Visa, Tink, Open Banking Wars & Why A2A Payments Matter

This week Visa announced they will acquire European Open Banking provider Tink for 1.8bn Euros.  While the release and much of the commentary have centered on how Visa can use Tink's account data platform, it's hard to ignore the giant Plaid-shaped hole in the story.

As we know, the Visa / Plaid acquisition fell apart earlier in the year against the backdrop of a potential department of justice investigation into Visa for anti-trust. Visa, which has more than 70% market share of the debit card market in the US, was alleged to have acquired Plaid in part to prevent a competitive type of payments rail from emerging (complete with pictures of volcanoes, which we'll come back to). 

But first: 

Who's Tink?

Sweden-based Tink has been one of the leading open banking offerings in Europe for several years. It differentiates through its ability to pre-package things like KYC or personal finance management through its API and white-label apps. Before the acquisition, they had raised more than $300m. Visa invested in several rounds of Tink in the past (as well as competitor Truelayer).

What is Visa's Strategic Rationale for the acquisition?

The white-label apps provide some immediate short-term benefit to Visa's bank clients, who may be struggling to piece together their own PFM or open banking apps. Tink had historically done well with the mid-sized bank client base (it counts ABN Amro, Nordea, and BNP Paribas Fortis as its customers)

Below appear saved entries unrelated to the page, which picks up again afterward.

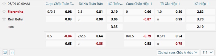Tip kèo Châu Á full trận Fiorentina vs Real Betis
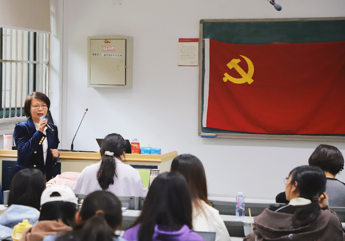 4月3日下午,文学院党委第20期入党积极分子培训班首场党课在公共教学三楼3103教室开讲。文学院党委书记颜梅讲授题为“用红色基因铸就独树一帜的一流人文学科”的主题党课,院长兼党委副书记陈剑澜、学院教师代表以及本期培训班学员到场参加。本次党课由文学院党委副书记、纪委书记康凤主持。
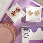 All jewelry is made of brass with 18-karat gold or rhodium plating and selectively chosen high-quality crystals. All jewelry complies with EU standards as nickel-safe/nickel-approved, meaning that the nickel content released is below the allowable threshold (0.05%). Nearly all metals contain some trace amounts of nickel, even if in extremely small quantities. The earring posts we use are made of 925 silver. All materials used in manufacturing are consistently tested for the highest quality.
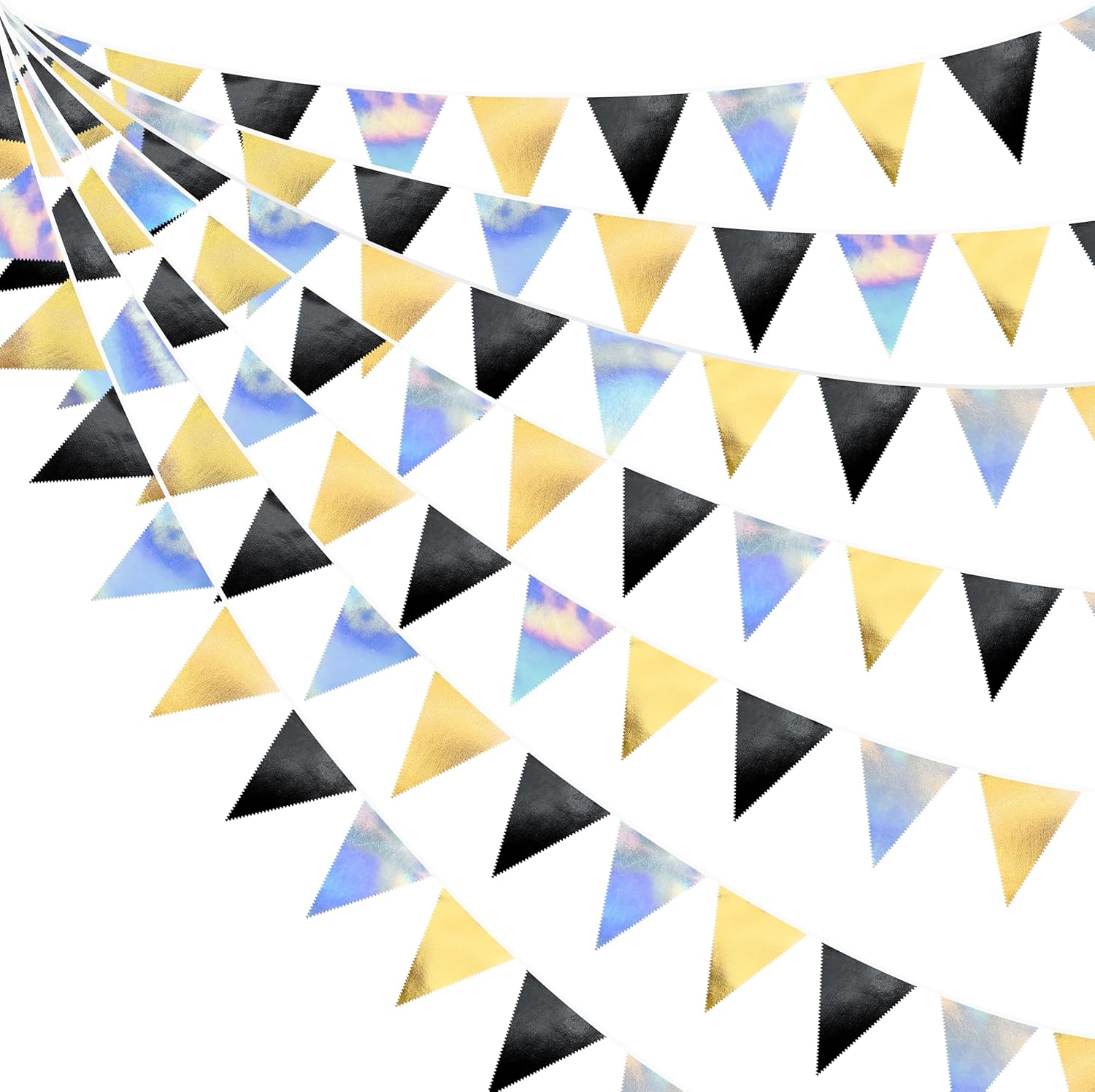 • Package Contains - 1 packs of iridescent black gold party pennant banner, Size of each flag is 7.9 x 5.9 inch.Total 9.75meter/32feet with 36pcs flags.
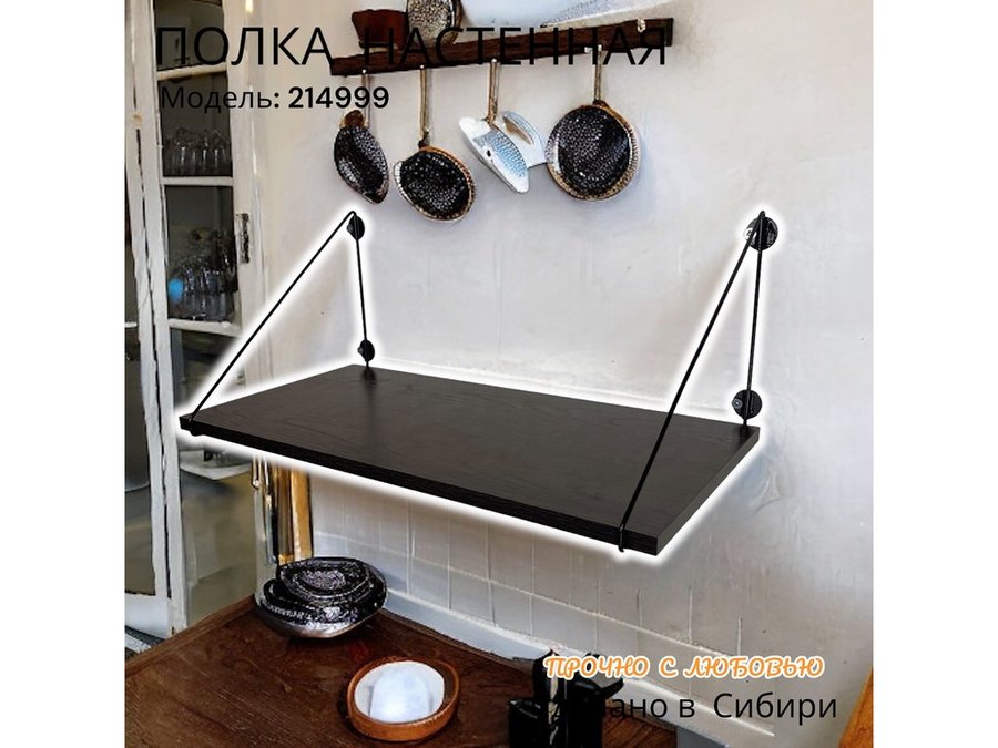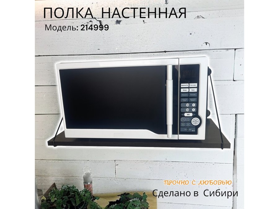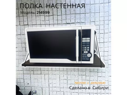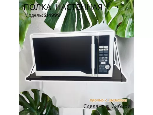 • Полка надежно крепится к стене при помощи анкеров или шурупов с дюбелями, на ней можно разместить микроволновую печь, кухонную технику, посуду, специи
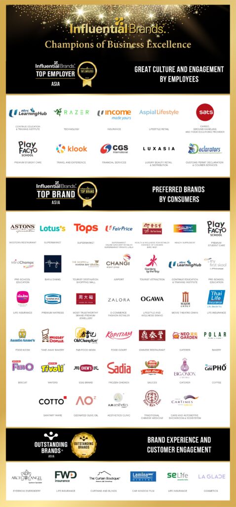 มร. จอร์จ โรดิกัส กรรมการผู้จัดการ อินฟลูเอ็นเชี่ยล แบรนด์ ประเทศสิงคโปร์ กล่าวว่า “เรามีความยินดีเป็นอย่างยิ่งที่ได้ยกย่องผู้บริหารระดับ C-suite ในฐานะเป็นผู้นําที่มีความโดดเด่นที่พร้อมปรับโมเดลธุรกิจใหม่ๆ นอกจากนี้เรายังยกย่องแบรนด์ชั้นนำที่มีความโดดเด่นในการสร้างความพึงพอใจ และได้รับความไว้วางใจระดับสูงจากผู้บริโภค และสุดท้ายคือรางวัลสุดยอดนายจ้างที่เป็นผลสำเร็จของความพยายามขององค์การต่างๆ จากการนำแนวปฏิบัติด้านทรัพยากรบุคคลที่ดีที่สุดไปดำเนินการจนสามารถสร้างวัฒนธรรมองค์กรอันยอดเยี่ยม เราหวังเป็นอย่างยิ่งว่าการจัดงานครั้งนี้จะสร้างความสัมพันธ์อันแข็งแกร่งให้แก่ผู้นำในแวดวงธุรกิจของเอเชียในปีนี้ และปีต่อๆ ไป”

This plays directly into a core focus for Visa; the value-added offering to their banks around the core "cards and payments."  Both Visa and Mastercard bundle "free" consulting, software, or services as credits for signing with them exclusively as a bank. Tink has a ready-made offering for those mid-tier banks that might not have the budget to build their offerings.  

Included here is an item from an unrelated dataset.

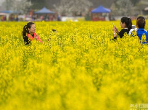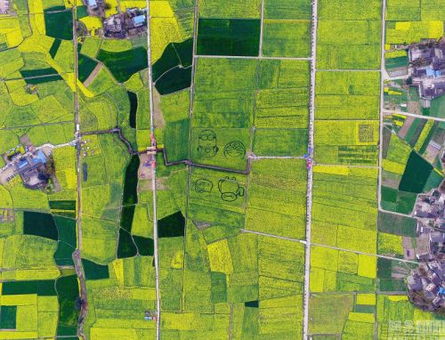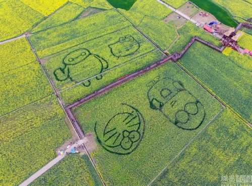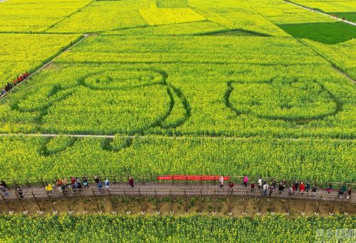 2016年3月8日,四川廣漢,廣漢西高鎮李堰村萬畝油菜花盛開,今年最大亮點就是四個卡通人物圖案,分別是機器貓、hellokitty、大白、小黃人,吸引絡繹不絕的游客賞花之余拍照留念。
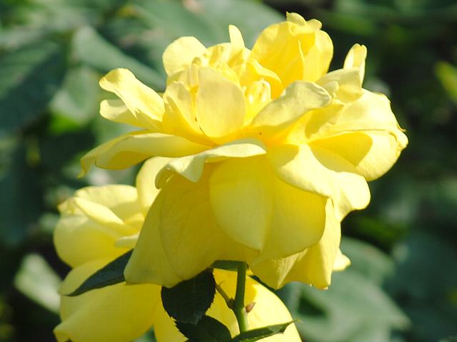花径8~9センチくらいの丸弁高芯咲きの半八重で、花の色は濃い黄色である。

Right now, I imagine you're thinking, "Oh great, so this has nothing to do with payments or volcanoes then?"  Not so fast.  Let's unpack A2A payments, European open banking, and why the combination of data and payments could be a killer app.  

What are account-to-account (A2A) payments?

To grossly over-simplify, when you pay directly from your account to someone else's account automatically. In terms of "payments rail," you can do this manually via ACH, Wire, or RTP in the US. In Europe, we have local services like Faster Payments or European-wide services like SEPA.

As part of the PSD2 regulation, European banks must offer both account information and payment initiation. From here, we see the rise of AISPs (Account Information Service Providers) and PISPs (Payment Initiation Service Providers).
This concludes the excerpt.